The three parts in the DAC34xx range accept a 1.25Gsample/s input. This input signal is then de interleaved by two or four, depending upon which device is used. The resulting two or four data streams then pass along independent paths. Feulner said: "Fewer input channels means there will be fewer input capacitors and that will reduce board design complexity. This is particularly important in multichip systems."

The devices also feature a block of two or four interpolators, programmable to x2, x4, x8 and x16. "Interpolation is useful if the application doesn't require high data speed," Feulner claimed. "By running at a slower rate, interfacing with fpgas and asics becomes less complex."

These precede one or two mixers, which work alongside 1.25G 32bit numerically controlled oscillators (nco). "Designers looking to implement multichip systems, to support beam forming, for example," Feulner added, "need to include tight synchronisation. We've made sure this can be done easily by integrating two 32bit ncos on chip to create an intermediate frequency. And both ncos can be adjusted independently."

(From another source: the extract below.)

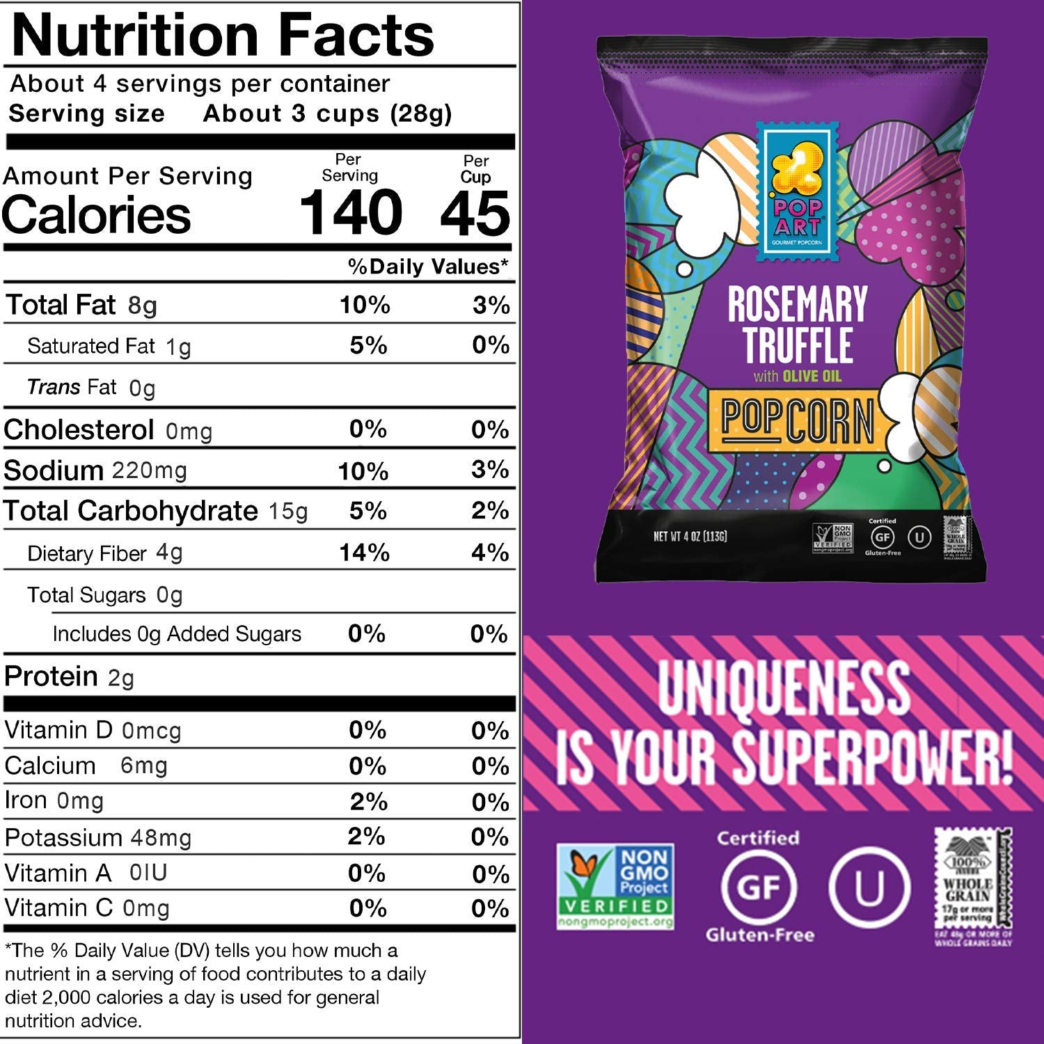 Pop Art Snacks Gourmet Popcorn - Rosemary Truffle With Olive Oil - Gluten Free Vegan Popcorn - Flavored Snacks For Adults, Kids,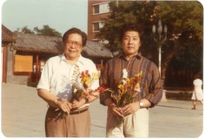 1985年获刘跃获英国卡迪夫大赛获奖后,与77779193永利集团和沈湘教授合影

A further block allows gain, phase and offset to be adjusted between channels. "It's important," Feulner believed, "because if there is offset between channels going into quadrature, that affects the system's level of performance. So it must be possible to compensate for these differences."
Gain, phase and offset correction also allows for carrier feed through to be eliminated and unwanted sidebands to be reduced. "If you then apply group delay calibration," he continued, "you can suppress the unwanted sidebands to the noise floor."

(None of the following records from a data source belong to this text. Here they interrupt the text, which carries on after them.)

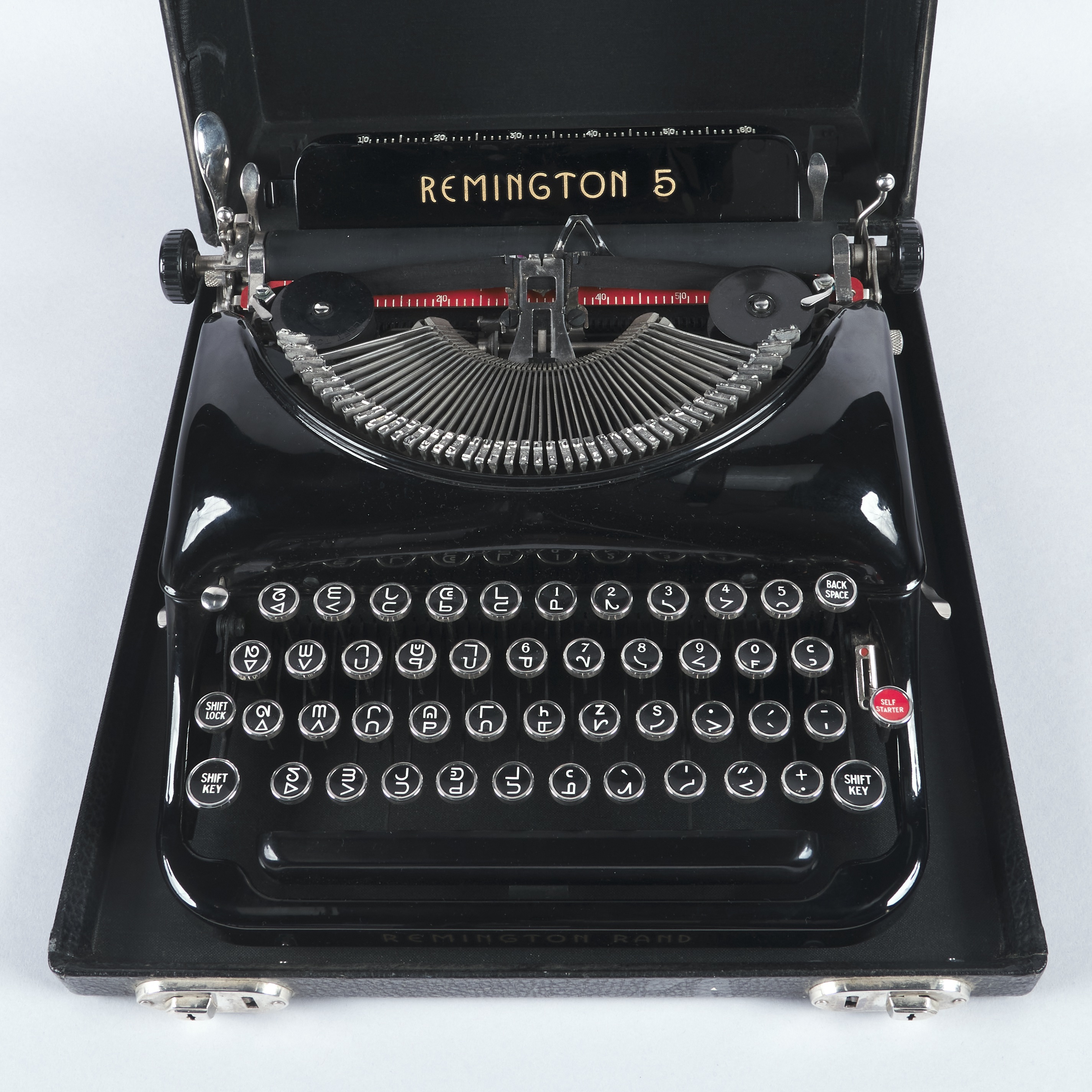 Syllabics typewriter. A Remington typewriter outfitted for preparing texts in both Cree and Dene Syllabics, manufactured in the 1940s. Syllabics typewriters replaced lead type printing methods in the early twentieth century, and increased accessibility to more Indigenous communities towards preparing more formal texts for reproduction. Photo courtesy of Sam Waller Museum, 2021.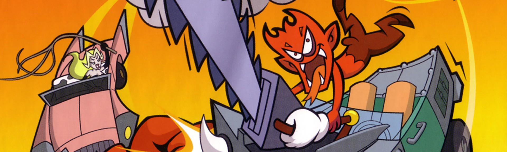 Back in 2001, Canadian studio Pseudo Interactive decided to have its own go at the genre with Cel Damage, a vehicular battle arena game which took the power-up collecting violence of Twisted Metal and fused it with the cartoon slapstick of Wacky Races. Without the actual licence for that Hanna-Barbera series, the developer instead used a similar cel-shaded look (back when cel-shading was still new and fresh) and created its own roster of madcap racers. There’s Fowl Mouth (a noir-style black and white duck), Sinder (a miniature demon), Dominique Trix (a dominatrix, unsurprisingly enough) and more. Each one has a unique item they can fling to knock enemies aside or reduce their health, but for the most part, they all have the same floaty, bumper car-style driving model.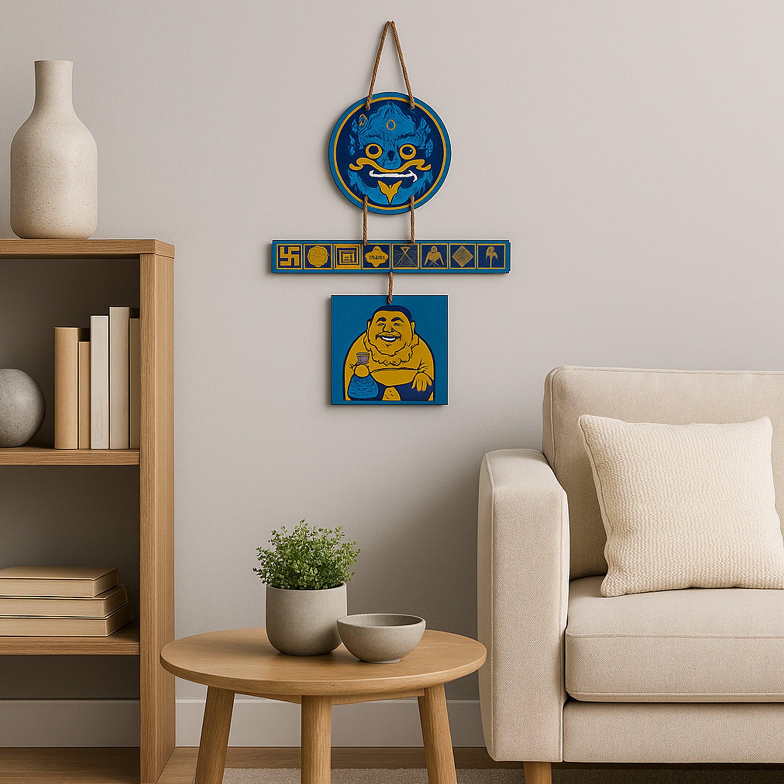 Crafted in tranquil blue tones, this wall hanging serves as a powerful Suraksha Kavach that guards your home or workplace from evil eye, black magic, and negative energies. A blend of ancient Vastu, Feng Shui, and protective symbols, it features the sacred Rahu face, Astamangal strip, and Laughing Buddha — together forming a shield of peace and divine protection. An essential for your entrance, living area, or temple, it ensures calmness and spiritual safety in every corner.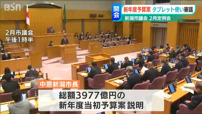 2月新潟市議会の初日には、中原八一市長が総額3977億円の「新年度当初予算案」について議会に説明しました。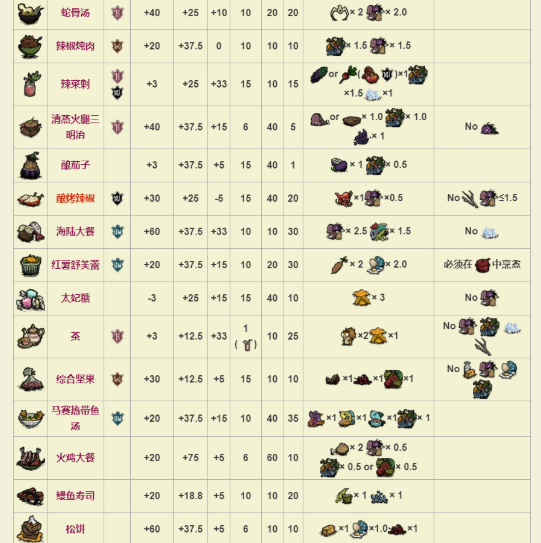 从第一幅图中,我们可以看到回血最高的分别是曼德拉草汤和火龙果派以及华夫饼。但是曼德拉草汤虽然回血回的多,原料却是太少了。一个地图上能有三个曼德拉草就已经不错了。所以火龙果派是当之无愧的第一,成本低廉,并且吃的时候不会有停顿动作。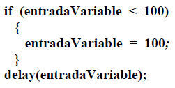 | ¿Qué hace el siguiente conjunto de instrucciones? | Este código prueba si la variable 'entradaVariable' es menor de 100. En caso afirmativo. le reasigna el valor '100' y ejecuta a continuación un retardo en milisegundos equivalente al valor actual de la variable. De lo contrario la deja como está y solo ejecuta el retardo. |
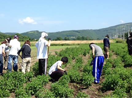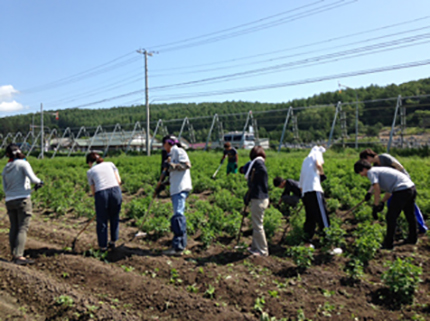 そして本日は、明治大学経営学部藤江ゼミの学生さんたちによる、畑作業の体験です。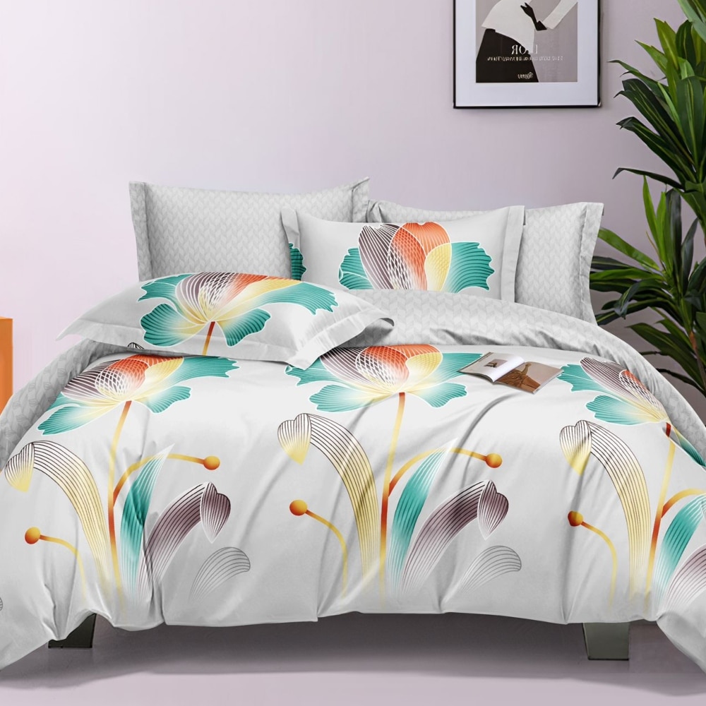 Important: Lenjeria din imagine dispune de cearceaf de pat cu elastic si este compusa din 4 piese.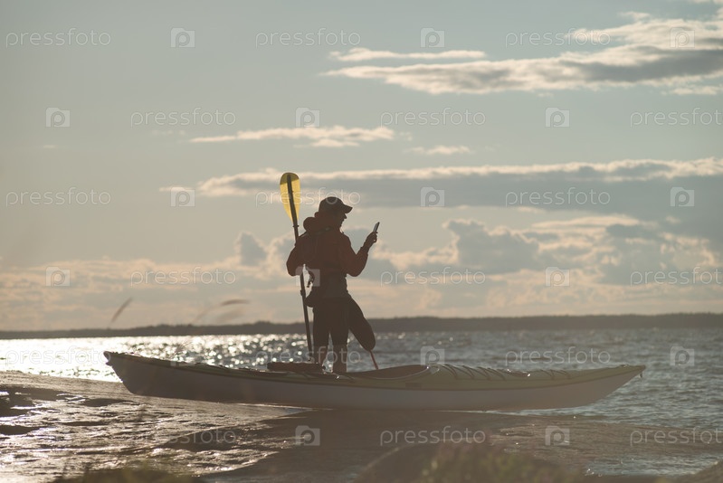 Каякер проверяет прогноз погоды в смартфоне. Водные виды спорта. Активный образ жизни

The final block in the device is the d/a conversion itself, which can be driven by an independent clock. This can be external to the part or stepped up from an internal clock using an x32 low jitter pll.

TI has also designed the part with digital predistortion in mind. "To do that," Feulner continued, "we have to be able to measure non linear products up to the fifth order. So, if you need 40MHz, you have to sample to 200MHz to capture them. Similarly, if you need 100MHz, then you have to sample to 500MHz at the power amp's output. That's where devices such as the DAC3484 come in."

Three devices are currently announced. Alongside the DAC3484 are the four channel DAC34H84, which has a wider input bus, or the two channel DAC3482. In order to meet board space requirements, two of the devices – the DAC3482 and 3484 – are being supplied in a multirow qfn (see fig 2). The DAC34H84 comes in a 12 x 12mm 196ball bga.